Deepening Our Tzedakah
[Reprinted with permission from Sh’ma Now, a curated monthly conversation on Jewish Sensibilities. These articles, examining the differences between philanthropy and tzedakah, originally appeared in October 2001.]
By Jennie Rosenn
As a child, I would sit with my brothers on the living room floor with one, five, and ten-dollar bills piled up around us. By our parents’ feet was a stack of solicitations, newsletters, and remittance slips. One by one my father would explain each organization. My two younger brothers and I would deliberate and then decide how much money from our individual stack we each wanted to give. Whether wisely or unknowingly, my parents signed us up for a lifetime of giving by indicating on each check that the contributions were from us. To this day, my brother gets mail from Greenpeace addressed to “Tony Castleman, age 5.”
My family tzedakah collective was actually the only time money was displayed with such abandon in our household. Even our allowance would be quickly put away and either saved for years to come or spent quietly within the week. Whatever our spending habits, my brothers and I, good New Englanders, learned at a young age that money was something to be handled discreetly and even with slight embarrassment.

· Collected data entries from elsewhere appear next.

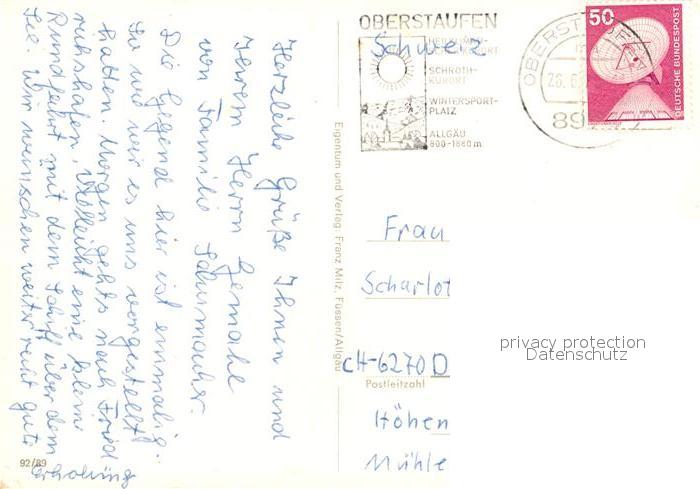 73270356 alte Postkarte Oberstaufen Freibad postalisch gelaufen Erhaltung siehe scans [PaolaD17] KatCode: 11110009780132
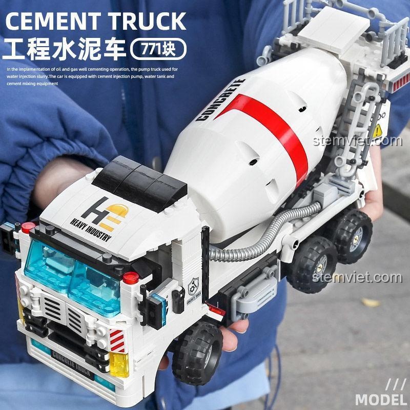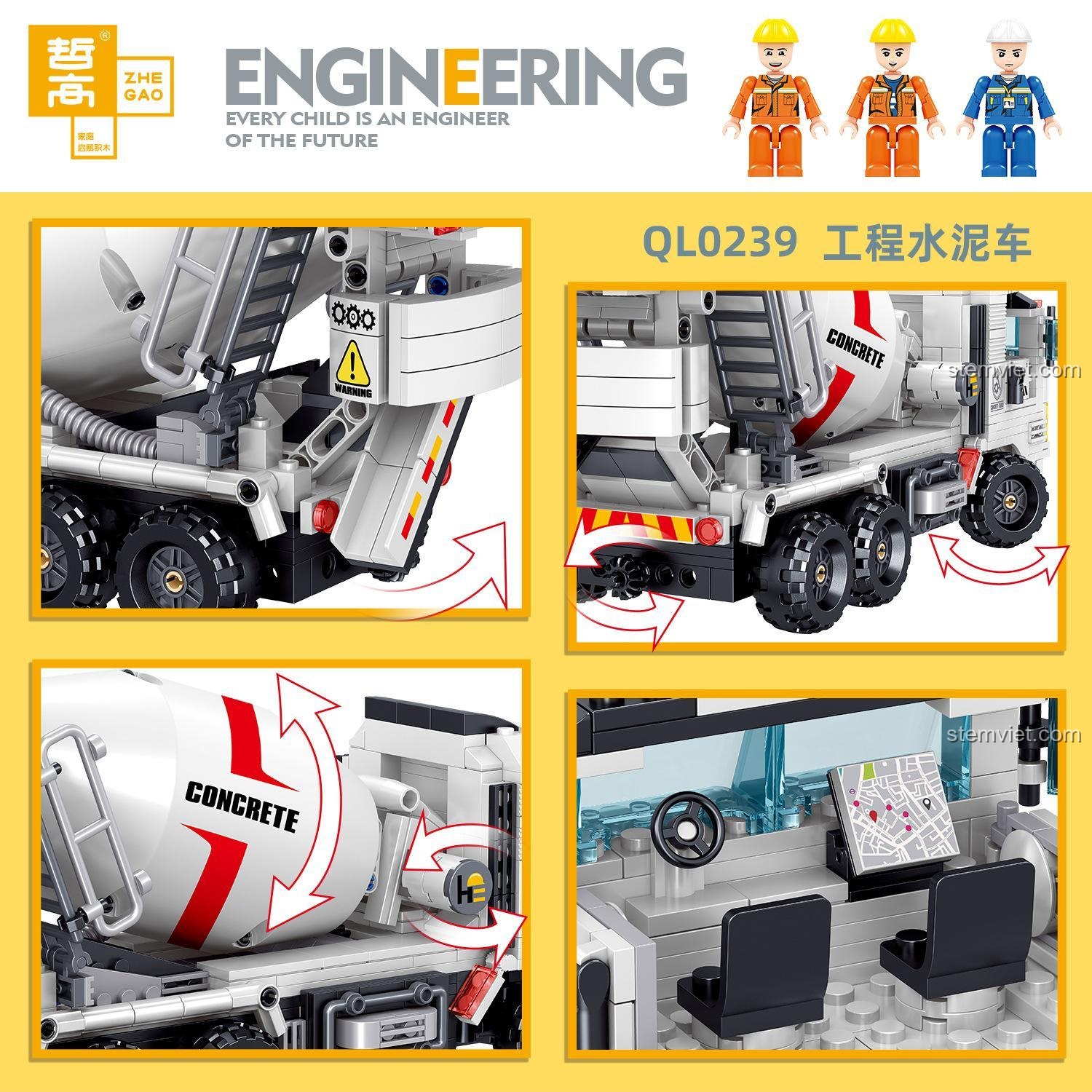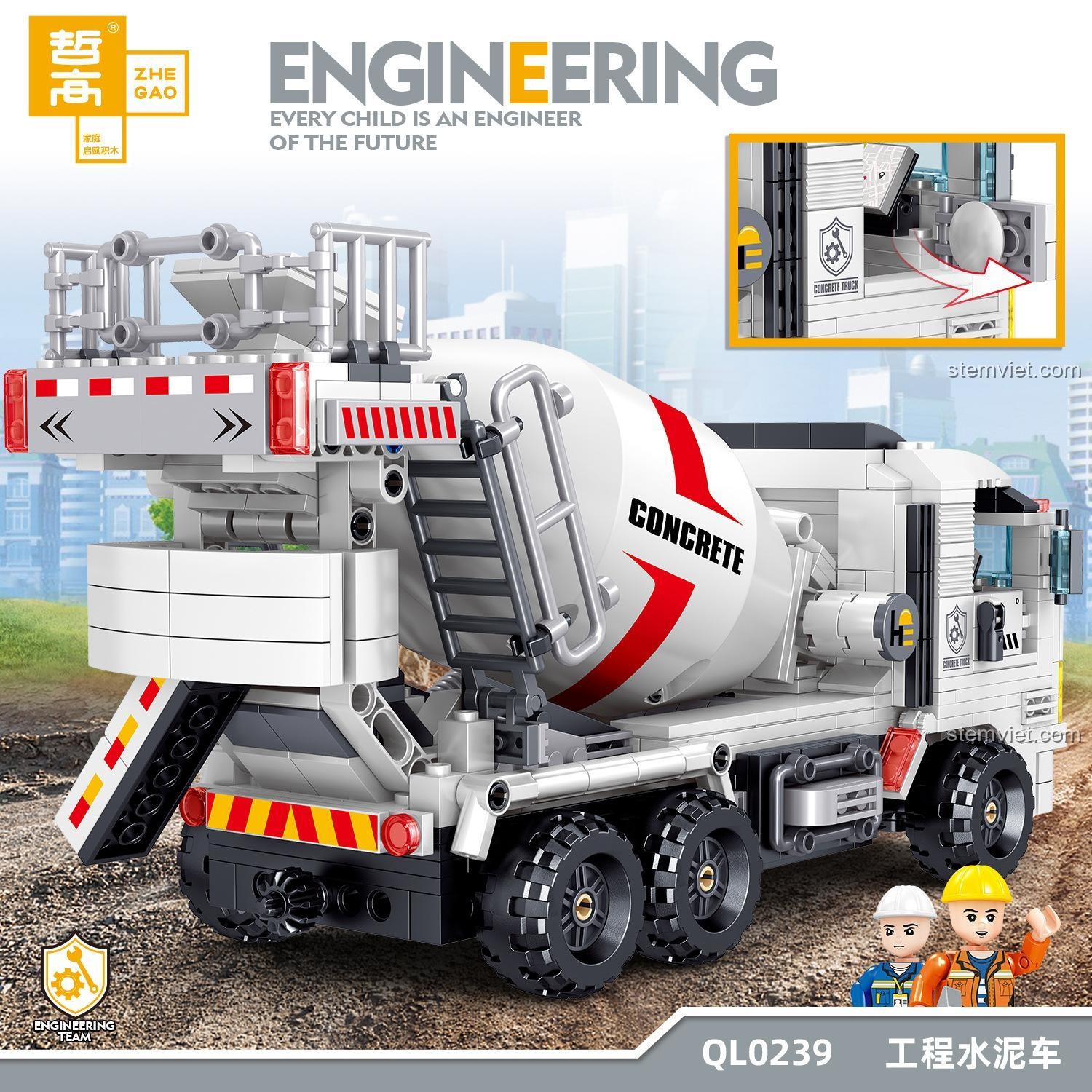 Bộ lắp ráp Zhe Gao QL0239 Xe Trộn Bê Tông Công Trình (771 mảnh ghép) – Sức Mạnh Công Trường, Bồn Xoay & 3 Minifigures
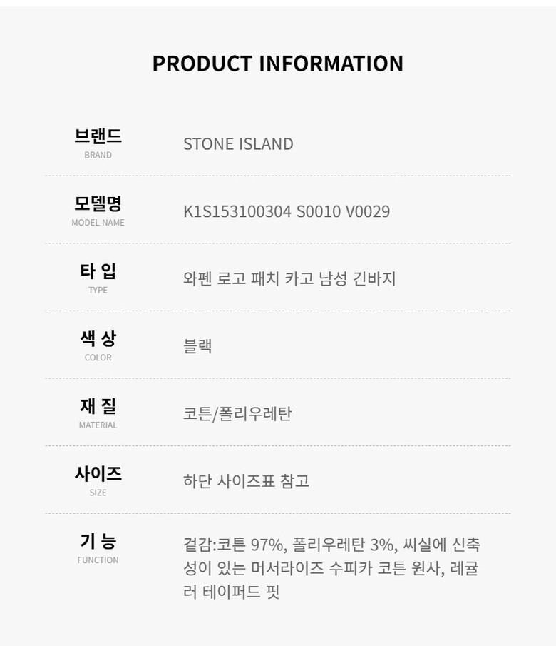 스톤아일랜드 바지 K1S153100304 S0010 V0029 와펜 로고 패치 남성바지 당일발송

The memory of us sprawled on the living room floor surrounded by piles of dollar bills remains an incongruous image in our family’s landscape.
My family’s practice introduced us at a young age to the serious and nuanced work of giving tzedakah. In elementary terms, we debated the relative merits of advocacy and direct service. We argued about how to prioritize local and global need, human and animal worth, Jewish and secular causes, and we learned the importance of giving.
At its best, tzedakah involves thoughtful discourse and consideration of complex issues. A tzedakah collective of any kind, whether family or community based, can help us think more carefully about how to respond to pressing issues and deepen our understanding that we are part of a community of people approaching the world’s needs in diverse ways. It can also remind us that – joined with others – we can have a greater impact. My family’s tzedakah collective did all this.
In looking back, however, I am also struck by how some of the limits of my family’s giving reflect larger Jewish communal challenges. Our general discomfort with money, for example, meant that we did not engage in conversations about spending, wealth, and money beyond these random tzedakah Sundays. How can we understand tzedakah as part of a larger sacred relationship to money? How can we strive to view money in a holy way, as we do time, sex, or food?
I often hear college students say, ”I’ll give when I have money.” Many college students feel squeezed for money. Many receive financial help from their parents, some work, and most enjoy some amount of spending money. Imagine parents and children discussing tzedakah as part of their conversation about “allowance.” How do we make real in our communities the Jewish mandate for everyone to give – even the person who receives?
Finally, and perhaps most significantly, my family never discussed how much in total we should give. The piles of bills just appeared on the living room rug, and we never knew how much more our parents contributed. Like most American Jews, I knew there was a Jewish obligation to give, but had never heard that the recommended amount is 10-20 percent of one’s income. According to Dr. Gary Tobin, a leading researcher of Jewish philanthropy, Jewish households contribute annually an average of 2 percent of their income to tzedakah. A shift to even 10 percent would be significant. Not only would there be literally millions of additional dollars working to increase justice, health, and dignity in the world, but the ways Jews give tzedakah would change.
Giving tzedakah more seriously would challenge us to prioritize our giving in order to achieve the greatest impact. In giving greater amounts we would also be more likely to build tzedakah into our monthly routine. Regular conscious giving, in turn, can ultimately cultivate a deeper understanding of how we are connected to and responsible for the fate of others. How can we cultivate a culture in which American Jews budget 10-20 percent of their income for tzedakah in the same way they budget amounts for housing, groceries, education, retirement, and recreation? How can we put this on the Jewish communal agenda?
Tzedakah has been integrated into the consciousness and life of many American Jewish communities, classrooms, and families. But we need to challenge ourselves further – bringing money fully into the realm of the sacred, recognizing the tremendous impact of which we are capable, and creating communal standards for tzedakah. It is time we push the envelope on our giving.
Rabbi Jennie Rosenn, a member of the Sh‘ma Advisoy Board, is Associate Jewish Chaplain of Hillel at Columbia University and Barnard College.